> [Material provided]
************
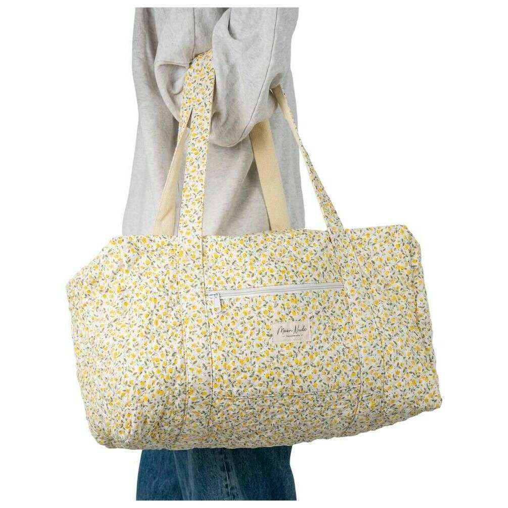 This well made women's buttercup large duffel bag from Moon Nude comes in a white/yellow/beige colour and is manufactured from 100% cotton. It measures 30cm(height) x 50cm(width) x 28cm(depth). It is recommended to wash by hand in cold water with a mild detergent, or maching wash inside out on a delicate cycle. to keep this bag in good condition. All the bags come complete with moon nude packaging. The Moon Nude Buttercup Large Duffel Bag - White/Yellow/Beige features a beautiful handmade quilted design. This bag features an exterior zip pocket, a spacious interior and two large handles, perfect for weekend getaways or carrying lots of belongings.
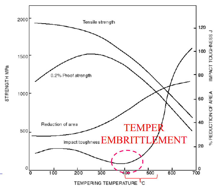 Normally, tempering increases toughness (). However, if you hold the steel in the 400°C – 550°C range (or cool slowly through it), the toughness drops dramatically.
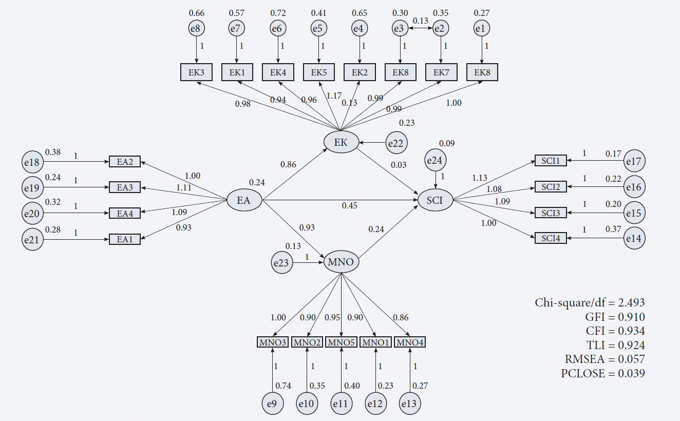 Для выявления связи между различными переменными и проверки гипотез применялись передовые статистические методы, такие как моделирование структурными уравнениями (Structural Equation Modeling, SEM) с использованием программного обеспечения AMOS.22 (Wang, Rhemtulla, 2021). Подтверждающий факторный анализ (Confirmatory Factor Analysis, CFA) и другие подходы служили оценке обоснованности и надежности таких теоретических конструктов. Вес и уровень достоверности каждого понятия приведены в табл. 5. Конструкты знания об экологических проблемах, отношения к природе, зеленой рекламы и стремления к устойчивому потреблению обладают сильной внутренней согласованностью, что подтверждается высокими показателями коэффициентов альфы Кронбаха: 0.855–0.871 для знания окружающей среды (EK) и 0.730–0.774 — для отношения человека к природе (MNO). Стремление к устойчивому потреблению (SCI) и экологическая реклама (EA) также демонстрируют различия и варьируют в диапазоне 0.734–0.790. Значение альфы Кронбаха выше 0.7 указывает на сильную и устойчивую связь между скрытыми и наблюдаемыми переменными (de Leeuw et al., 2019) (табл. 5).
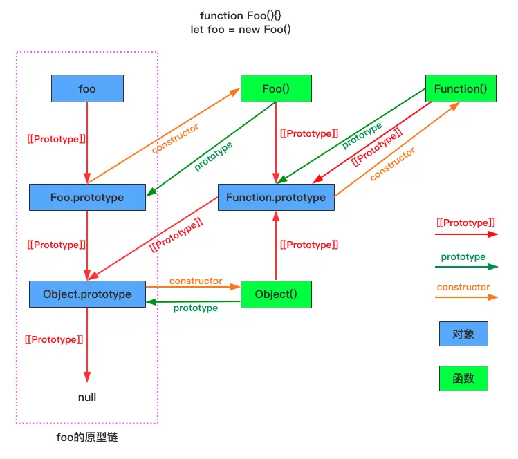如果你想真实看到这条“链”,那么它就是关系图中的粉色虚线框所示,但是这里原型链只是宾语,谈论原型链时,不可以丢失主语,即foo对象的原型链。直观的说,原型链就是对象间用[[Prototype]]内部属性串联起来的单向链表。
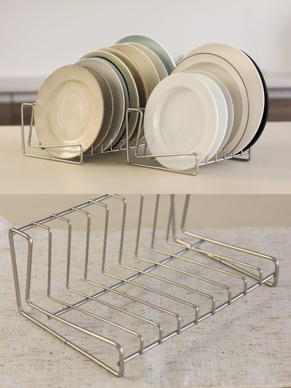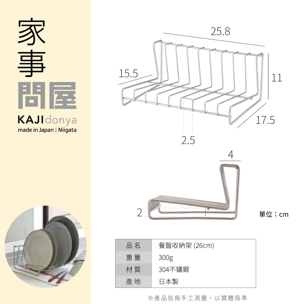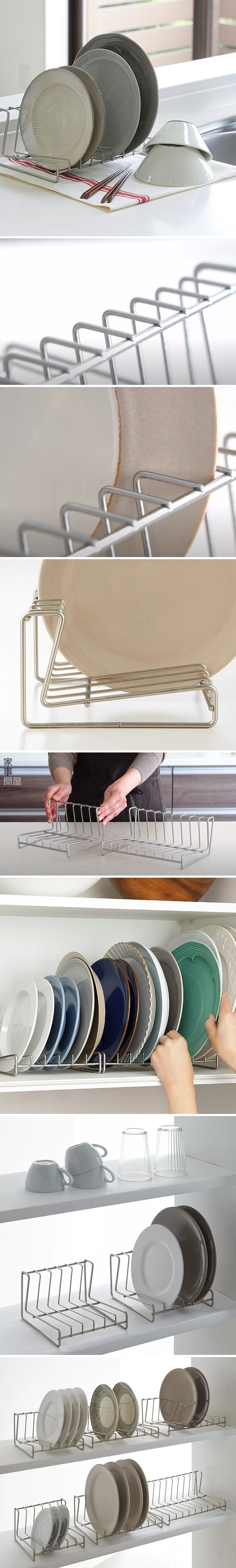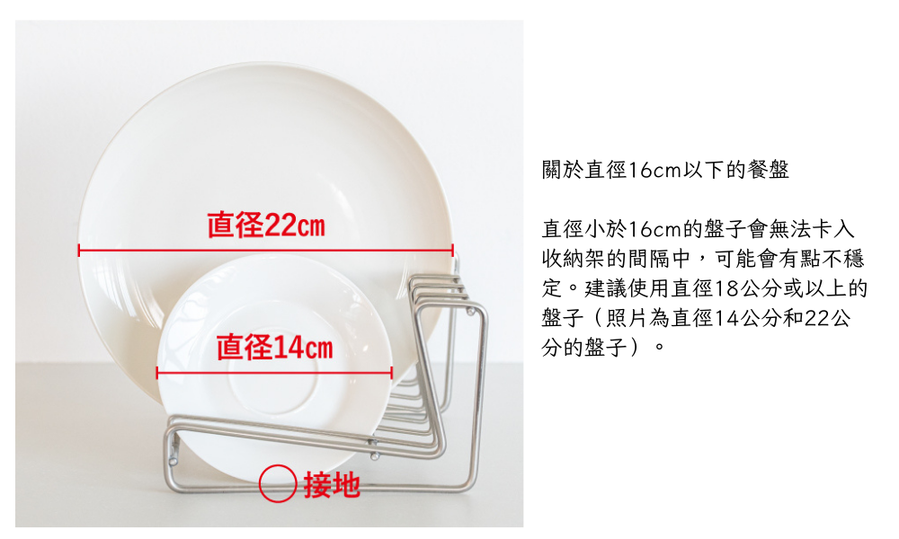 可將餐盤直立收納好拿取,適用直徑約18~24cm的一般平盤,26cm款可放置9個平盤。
************
> [Assignment]
Restate the data above word for word. Do not include the images.

> [Expected answer]
 This well made women's buttercup large duffel bag from Moon Nude comes in a white/yellow/beige colour and is manufactured from 100% cotton. It measures 30cm(height) x 50cm(width) x 28cm(depth). It is recommended to wash by hand in cold water with a mild detergent, or maching wash inside out on a delicate cycle. to keep this bag in good condition. All the bags come complete with moon nude packaging. The Moon Nude Buttercup Large Duffel Bag - White/Yellow/Beige features a beautiful handmade quilted design. This bag features an exterior zip pocket, a spacious interior and two large handles, perfect for weekend getaways or carrying lots of belongings.
 Normally, tempering increases toughness (). However, if you hold the steel in the 400°C – 550°C range (or cool slowly through it), the toughness drops dramatically.
 Для выявления связи между различными переменными и проверки гипотез применялись передовые статистические методы, такие как моделирование структурными уравнениями (Structural Equation Modeling, SEM) с использованием программного обеспечения AMOS.22 (Wang, Rhemtulla, 2021). Подтверждающий факторный анализ (Confirmatory Factor Analysis, CFA) и другие подходы служили оценке обоснованности и надежности таких теоретических конструктов. Вес и уровень достоверности каждого понятия приведены в табл. 5. Конструкты знания об экологических проблемах, отношения к природе, зеленой рекламы и стремления к устойчивому потреблению обладают сильной внутренней согласованностью, что подтверждается высокими показателями коэффициентов альфы Кронбаха: 0.855–0.871 для знания окружающей среды (EK) и 0.730–0.774 — для отношения человека к природе (MNO). Стремление к устойчивому потреблению (SCI) и экологическая реклама (EA) также демонстрируют различия и варьируют в диапазоне 0.734–0.790. Значение альфы Кронбаха выше 0.7 указывает на сильную и устойчивую связь между скрытыми и наблюдаемыми переменными (de Leeuw et al., 2019) (табл. 5).
如果你想真实看到这条“链”,那么它就是关系图中的粉色虚线框所示,但是这里原型链只是宾语,谈论原型链时,不可以丢失主语,即foo对象的原型链。直观的说,原型链就是对象间用[[Prototype]]内部属性串联起来的单向链表。
 可將餐盤直立收納好拿取,適用直徑約18~24cm的一般平盤,26cm款可放置9個平盤。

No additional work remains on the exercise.